Entrepreneurship is cool right now. If you aren’t an entrepreneur, you risk being a loser. But doesn’t society need the cogs in order to function?
How to Define Entrepreneur
The official definition of “entrepreneur” is a person who organizes and operates a business, taking on greater than normal financial risks in order to do so.
That doesn’t relay the spirit of the word, does it?
Case in point is this article from Business News Daily that lists how 20 entrepreneurs define the word. Not many of those quoted define it in the sense of starting a business; instead, they describe it as a way of being.
My favorite definition is from Mike Malone, founder of Livestock Framing:
One must possess grit. The stakes tend to be high, the bumps in the road frequent. Remaining focused, regardless of the obstacles, is paramount. That said, being an entrepreneur means being in full control of your destiny. If that’s important to you, then all of the challenges associated with striking out on one’s own are but a small price to pay.
Being Entrepreneurial in Life
I never used to consider myself an entrepreneur. I never sold candy on the school playground as a kid or opened a lemonade stand.
Instead, when I got older and wanted money, my only idea was to get a job. And boy, did I have a lot of them:
- Baseball umpire
- Starbucks barista
- Fox News production assistant
- Birthday party clown
- Brand ambassador
- Hostel reception desk clerk
- Spanish school student coordinator
- Mountain bike instructor
- Dry cleaning store clerk
- Lawn mower
- Video game character
- Clinical study patient
Turns out my work history shows I’m 100% an entrepreneur.
How can that be?
Every job served a purpose. Maybe to learn something, make money, fuel a new idea or experience something. Starbucks? That was because I love to-do lists (you need to work there to understand). Clinical study patient? That was to pay a security deposit on an apartment. Fox News? That was following my political curiosity.
Right before my 26th birthday, I got an “office” job. I worked in customer service and it was thrilling to see the corporate world from the inside. But after a couple of years, the shine faded. I took my money and went somewhere else (to Thailand, I believe).
And that’s why I’m an entrepreneur.
Jobs serve a function, they have nothing to do with who we are as people.
Me, myself and I… we are the business. The jobs I’ve had have always worked for ME, to improve my business in some way, not the other way around.
Not everyone sees things this way. I know people who quit a job on Friday to start a new one on Monday. Instead of living and learning in the job, they are drones. If you leave a job without either money, fresh ideas or a new skill… then what were you doing there?
Are You an Entrepreneur and Don’t Know It?
Who controls your destiny?
You can answer this by identifying your values. Once you have your list of values, compare your life to your values and see if they align.
Do they align? Congrats! You are an entrepreneur because you manipulated your life so it expresses your values. You control your own destiny.

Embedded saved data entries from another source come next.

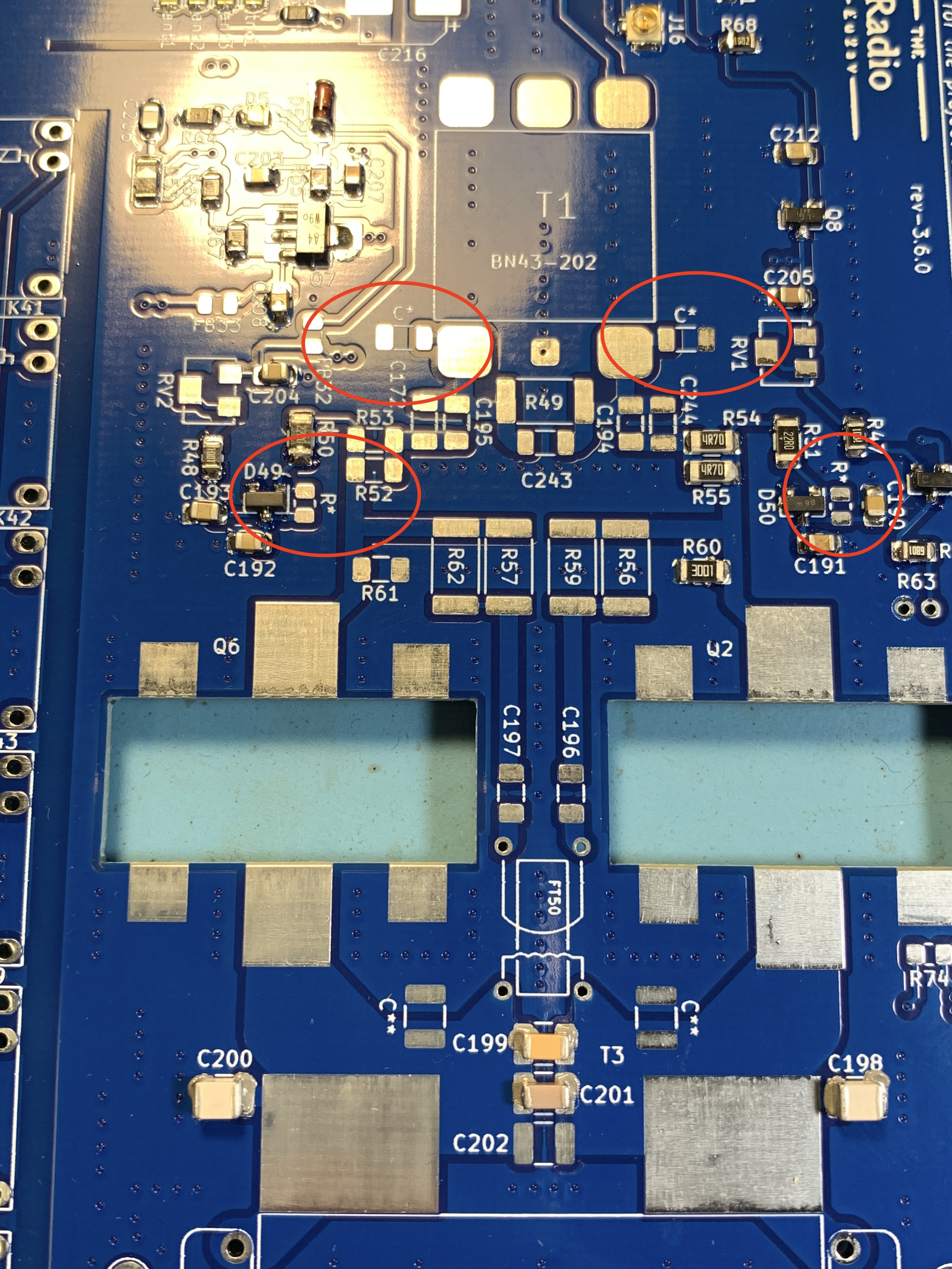 Hi Yury,in order to update to 3.6.1 i have replaced 1) allmost all the LPF capacitors 2) R36 1.2K 3) R56-59 22ohm 4) R60-61 33K 5) add 2x22k at D51 (see picture).
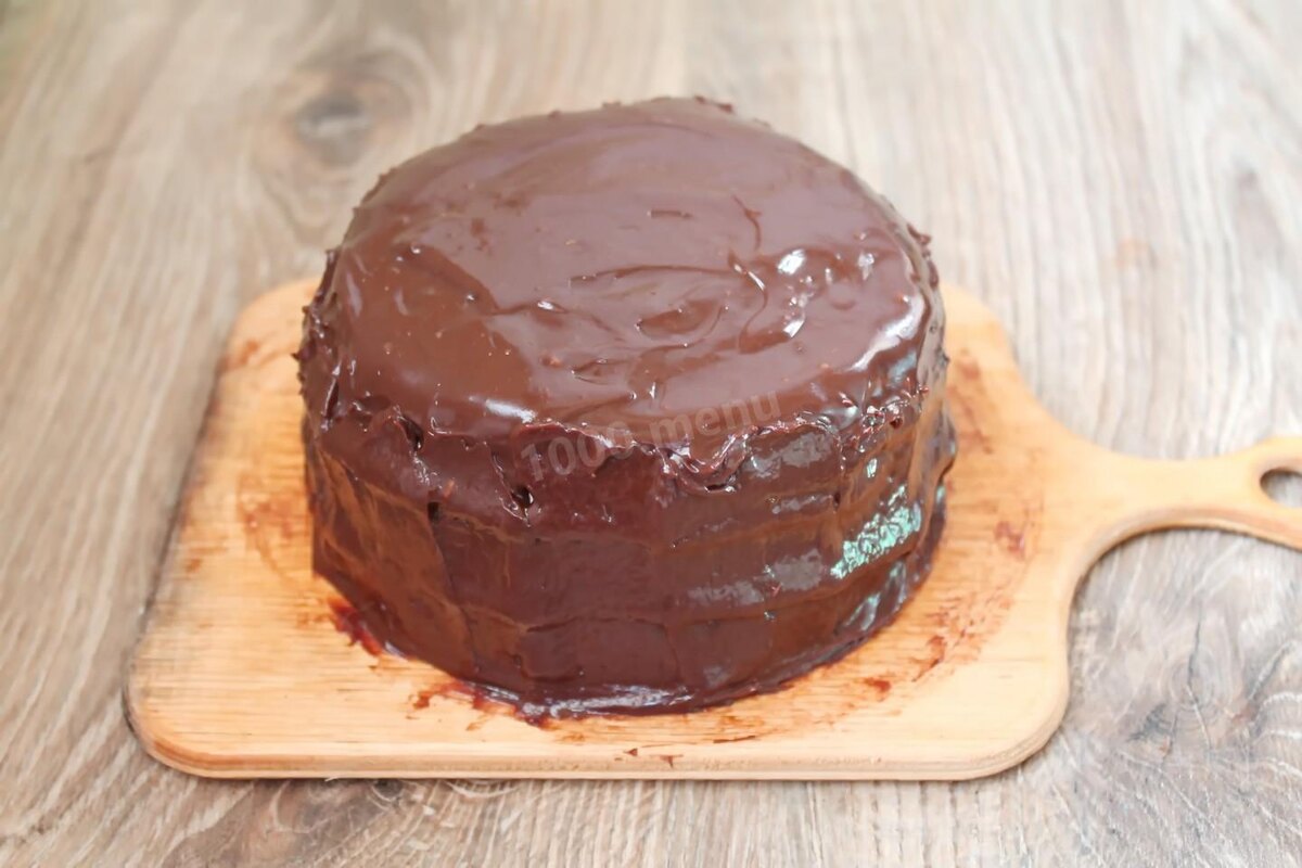 8. Смазываем либо сметанным кремом, либо вареньем. Сверху укладываем второй корж.
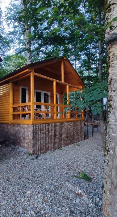 К услугам гостей 2,4 и 6-местные деревянные дома. В номерах с тёплым полом имеются полностью оборудованная мини-кухня с микроволновой печью, холодильником, плитой, чайником, обеденной зоной, телевизором со спутниковым ТВ, а также есть собственная ванная комната с душем и аксессуарами. При каждом доме терраса, с которой гости могут любоваться красивыми видами.
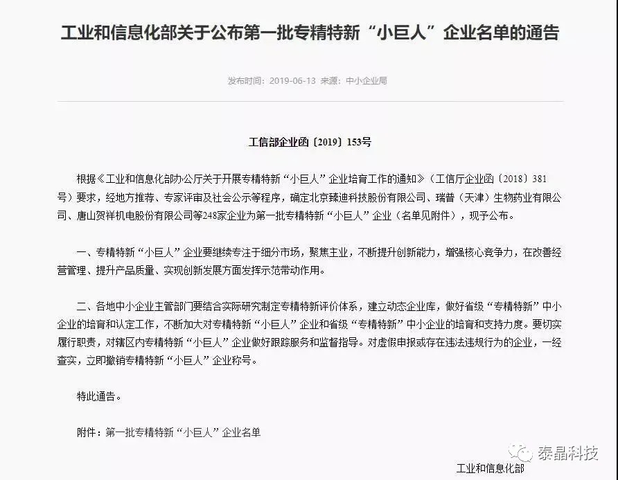 早在2019年6月13日,作為專注于石英晶體元器件細(xì)分領(lǐng)域的龍頭企業(yè),泰晶科技成功入選國家第一批專精特新“小巨人”企業(yè)。
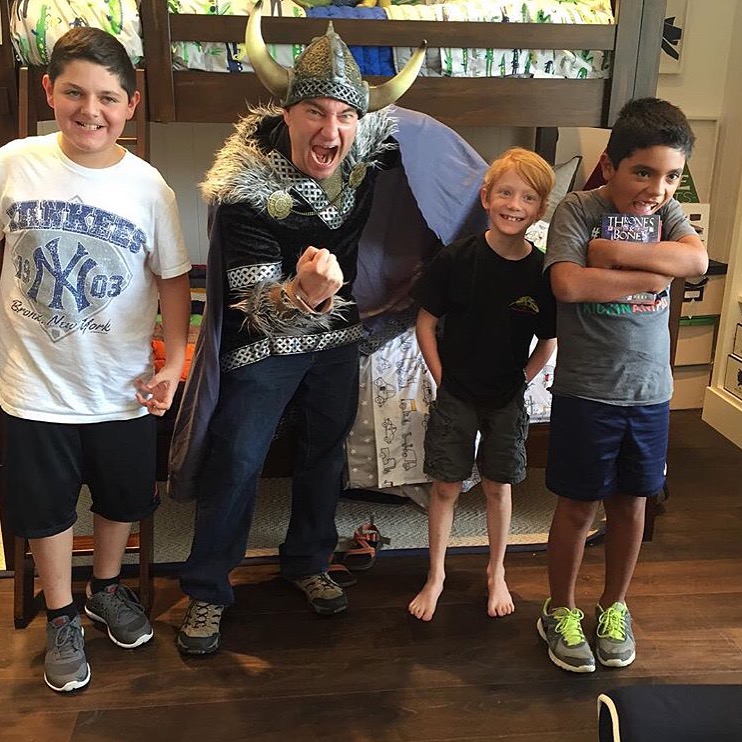 Also, it should be mentioned that I have a Viking helmet that has gone with me on most of the aforementioned travels. But there's a full costume with it that I have never worn publicly anywhere but Trick-or-Treating with my kids. At the last minute, on my way out the door, I decided to break it out, because if you can't go The Full Viking at Pottery Barn Kids, where can you?

The mailman could easily be an entrepreneur. Let’s look at what your local mailman values:
- His wife and kids
- Reading and taking walks with his dog
- Being home by 4 p.m. every day to cook dinner for his family
- Living close to his parents
- His church community
- Feeling financially secure (pension, steady paycheck, etc.)
- Routine and predictability
His deepest values and desires are satisfied, and he is aligned with his soul. This man is killing it as an entrepreneur. He is using his job to express his values.

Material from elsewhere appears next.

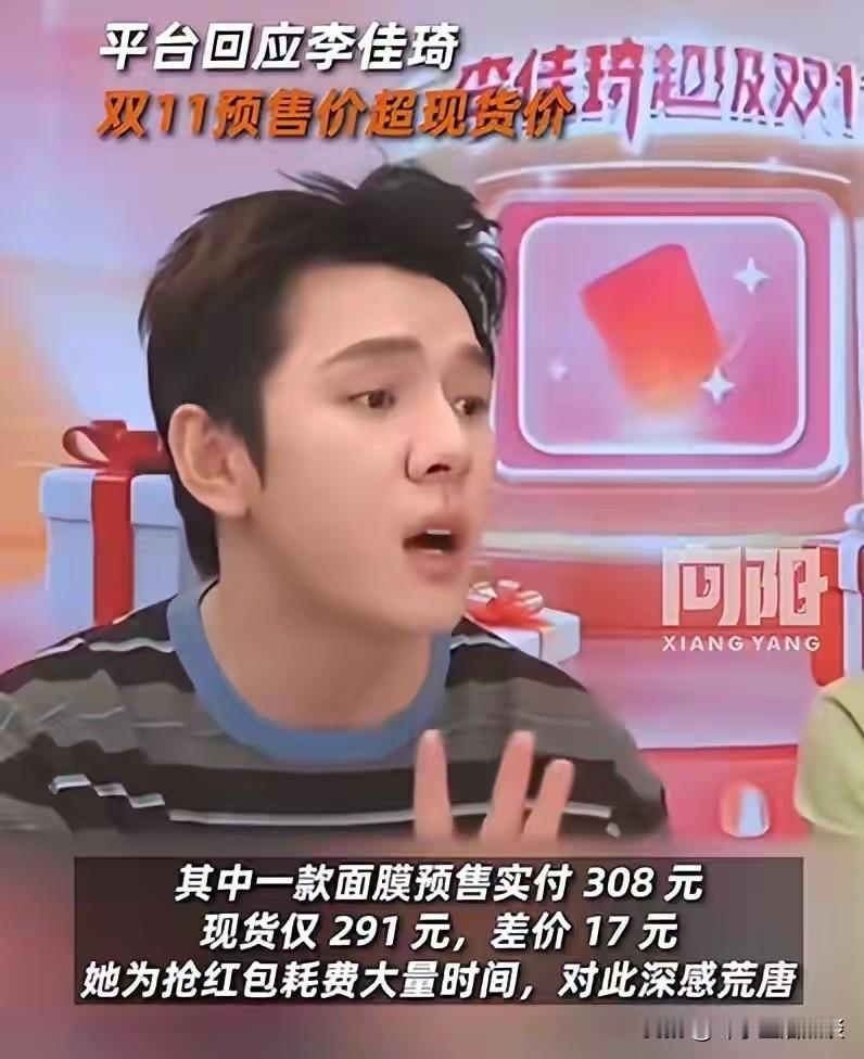 熬夜蹲预售反被“割韭菜”?李佳琦回应绝了,这波操作谁扛得住 本想蹲预售薅波大的,结果反倒成了“冤大头”?今年双11,李佳琦直播间的价格让不少人直呼上当。90后徐小姐说,自己熬大夜抢的面膜,预售实付308元,转头看现货才291元,有的商品差价直接差出一顿饭钱,“算满减、抢红包忙半天,合着是给商家凑业绩呢?” 这事一闹大,“李佳琦一晚被退8亿”的说法传得有鼻子有眼。10月22日他终于回应,一口否认退货传闻,还挺硬气:“别替我难过,发了不少红包,不买也没事,就当今年双11没做。”可大伙最关心的“预售为啥比现货贵”,他半句没提,跟没看见似的。 记者问平台客服,对方却说没接到反馈,得消费者自己拿订单核对。其实这套路早有端倪,不少人都碰到过同一商品多个价格的情况[__LINK_ICON]。律师和消协都提醒了,遇到这种情况别认栽,保存好预售截图和订单,直接找商家要差价,不行就举报[__LINK_ICON]。 说好的“无套路”咋变“套路深”了?你被预售坑过吗?退差价成功了吗?来评论区支支招!(由AI生成,仅供参考)李佳琦 李佳琦带货 热议李佳琦

Now let’s look at what an advertising executive living in New York City values:
- Building things
- Adventure and outdoor sports
- Public speaking
- Political advocacy and fighting for humanitarian causes
- Solving complex problems and working with others
- A large living space surrounded by nature
Depending how she prioritizes her values, this advertising exec may not be an entrepreneur. If her top two values are political advocacy and being in nature, but she works in advertising in New York City, then she is only an entrepreneur if she uses her current position to get her closer to the life she longs for.
But if she has no exit plan and feels a “nagging” sense that she’s not living up to her potential, then the advertising exec is not an entrepreneur and not in control of her destiny.
Which Kind of Entrepreneur Are You?
The only true currency is time. The time we give up for someone or something else can never be replaced.
We are all given the same 24 hours every day. How we choose to spend this resource is personal.
- Entrepreneurs building businesses recognized a value, such as money, creativity or passion, and took the risks to honor them.
- Employed entrepreneurs recognized a value, such as security, predictability or passion, and worked their way through jobs to honor them.
- Employed non-entrepreneurs may not have recognized what they value. Or maybe they have, but they are scared of being in control.
We can all be entrepreneurs if we are willing to identify our deepest desires and values in life. Whether you are an employee or own a business, it’s in your interest to brainstorm your ideal life. Be honest with yourself and write down what comes to mind.
Then take that piece of paper and compare it to the life you are living today. Do you feel good with the alignment?
If not, for the sake of your friends, family, and the evolution of humankind, make a change. Make a plan. Baby steps are fine.